■ DESCRIPTION OF THE TASK ■
Give back exactly the lines of the material below, starting with the line with "People different skin" and going on through the line with "बालुवाटारको बैठक हलमा".

■ LISTED RECORDS ■

☆ ☆ ☆

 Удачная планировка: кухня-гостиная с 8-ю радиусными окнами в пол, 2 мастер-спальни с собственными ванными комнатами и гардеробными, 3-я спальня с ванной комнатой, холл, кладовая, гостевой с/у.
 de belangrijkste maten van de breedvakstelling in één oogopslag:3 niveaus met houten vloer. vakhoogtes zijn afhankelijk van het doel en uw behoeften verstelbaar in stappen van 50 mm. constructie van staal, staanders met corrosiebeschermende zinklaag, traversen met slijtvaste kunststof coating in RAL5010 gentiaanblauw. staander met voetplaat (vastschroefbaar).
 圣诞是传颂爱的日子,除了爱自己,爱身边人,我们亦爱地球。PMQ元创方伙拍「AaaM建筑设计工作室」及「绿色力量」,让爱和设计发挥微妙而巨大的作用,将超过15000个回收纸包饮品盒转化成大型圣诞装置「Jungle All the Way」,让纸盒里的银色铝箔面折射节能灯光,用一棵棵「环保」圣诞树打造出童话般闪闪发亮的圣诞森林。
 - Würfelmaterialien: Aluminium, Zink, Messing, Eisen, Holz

☆ ☆ ☆

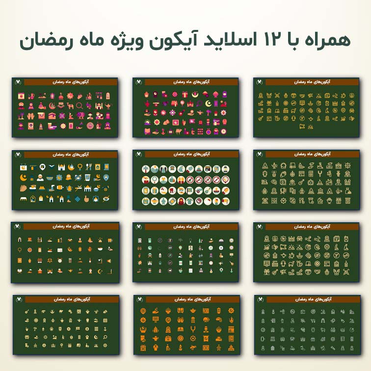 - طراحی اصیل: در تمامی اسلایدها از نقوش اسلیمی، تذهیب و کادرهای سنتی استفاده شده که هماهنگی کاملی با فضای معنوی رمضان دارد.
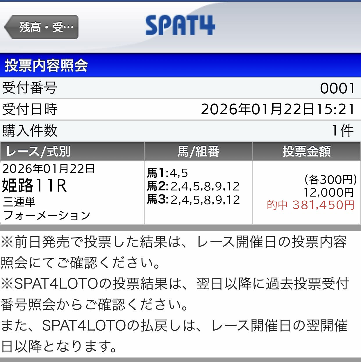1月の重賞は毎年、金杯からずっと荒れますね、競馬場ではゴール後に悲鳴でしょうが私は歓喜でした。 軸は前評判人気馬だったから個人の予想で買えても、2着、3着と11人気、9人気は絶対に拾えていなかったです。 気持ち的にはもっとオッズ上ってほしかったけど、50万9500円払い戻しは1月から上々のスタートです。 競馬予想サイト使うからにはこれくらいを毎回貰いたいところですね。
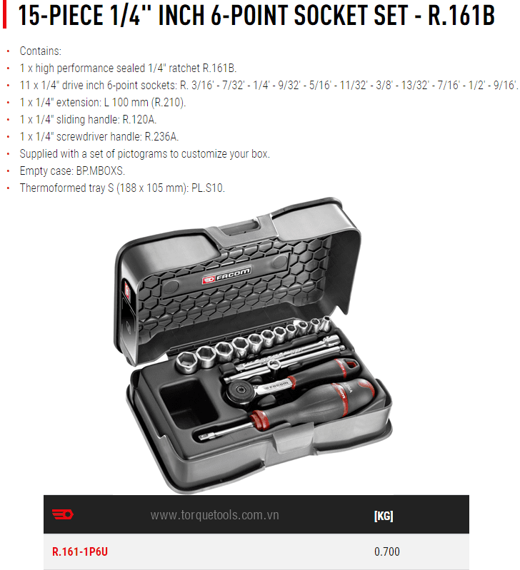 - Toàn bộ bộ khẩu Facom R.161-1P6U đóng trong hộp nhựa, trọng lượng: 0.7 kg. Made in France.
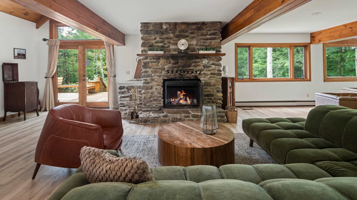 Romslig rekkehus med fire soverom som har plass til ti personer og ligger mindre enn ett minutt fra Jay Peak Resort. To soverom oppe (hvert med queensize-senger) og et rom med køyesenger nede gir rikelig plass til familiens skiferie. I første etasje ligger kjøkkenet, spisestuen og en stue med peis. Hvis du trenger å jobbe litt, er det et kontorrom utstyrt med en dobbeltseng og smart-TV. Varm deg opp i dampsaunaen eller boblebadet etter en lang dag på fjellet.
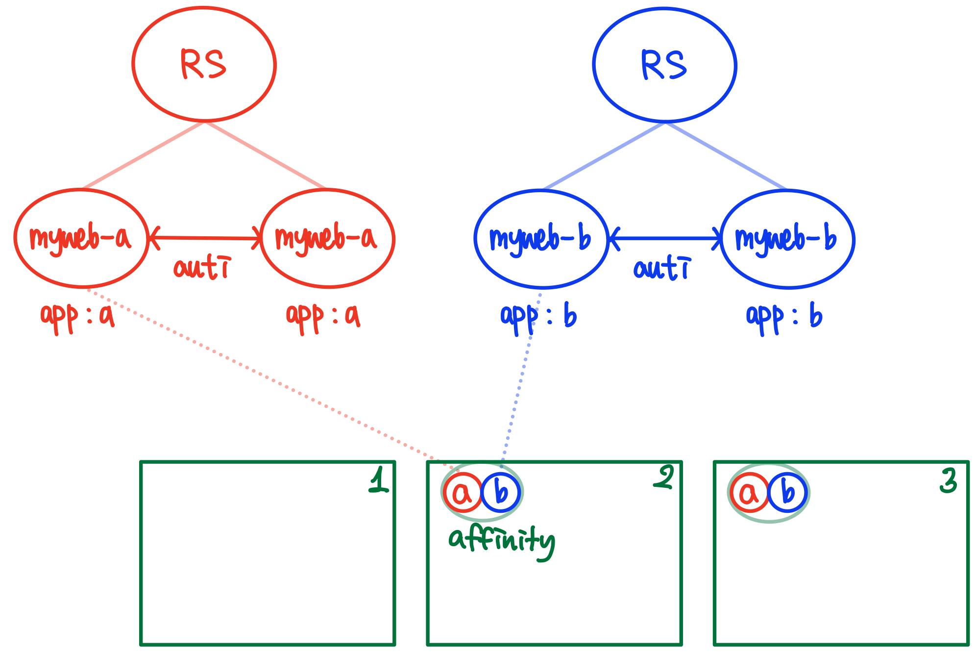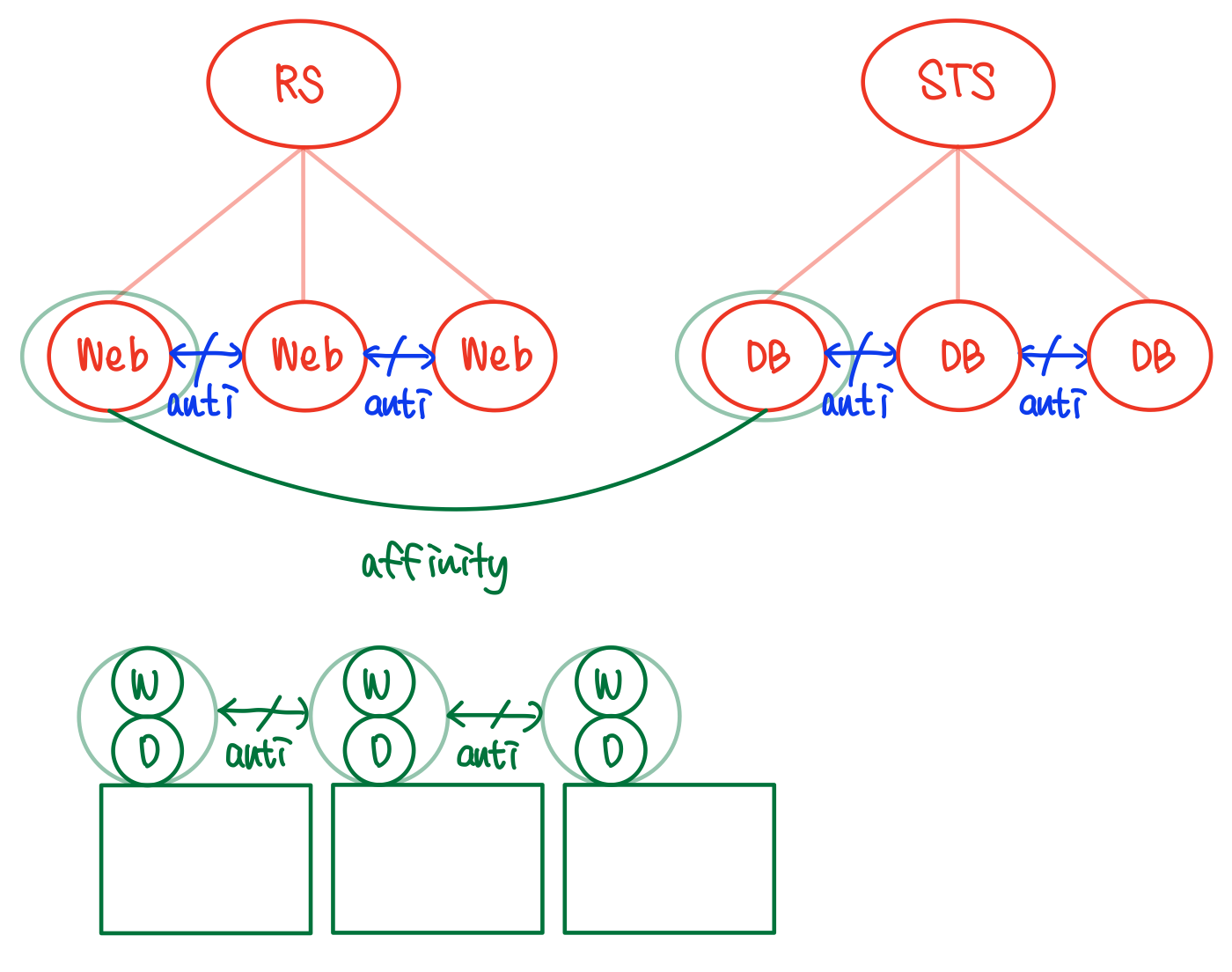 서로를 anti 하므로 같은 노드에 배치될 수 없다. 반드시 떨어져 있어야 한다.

☆ ☆ ☆

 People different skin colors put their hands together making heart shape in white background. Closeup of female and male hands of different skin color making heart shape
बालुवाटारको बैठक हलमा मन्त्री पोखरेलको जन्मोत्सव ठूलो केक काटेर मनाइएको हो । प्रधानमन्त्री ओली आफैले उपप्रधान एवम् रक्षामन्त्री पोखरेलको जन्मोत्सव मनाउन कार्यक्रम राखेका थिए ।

☆ ☆ ☆

■ ANSWER TO THIS EXERCISE ■
 People different skin colors put their hands together making heart shape in white background. Closeup of female and male hands of different skin color making heart shape
बालुवाटारको बैठक हलमा मन्त्री पोखरेलको जन्मोत्सव ठूलो केक काटेर मनाइएको हो । प्रधानमन्त्री ओली आफैले उपप्रधान एवम् रक्षामन्त्री पोखरेलको जन्मोत्सव मनाउन कार्यक्रम राखेका थिए ।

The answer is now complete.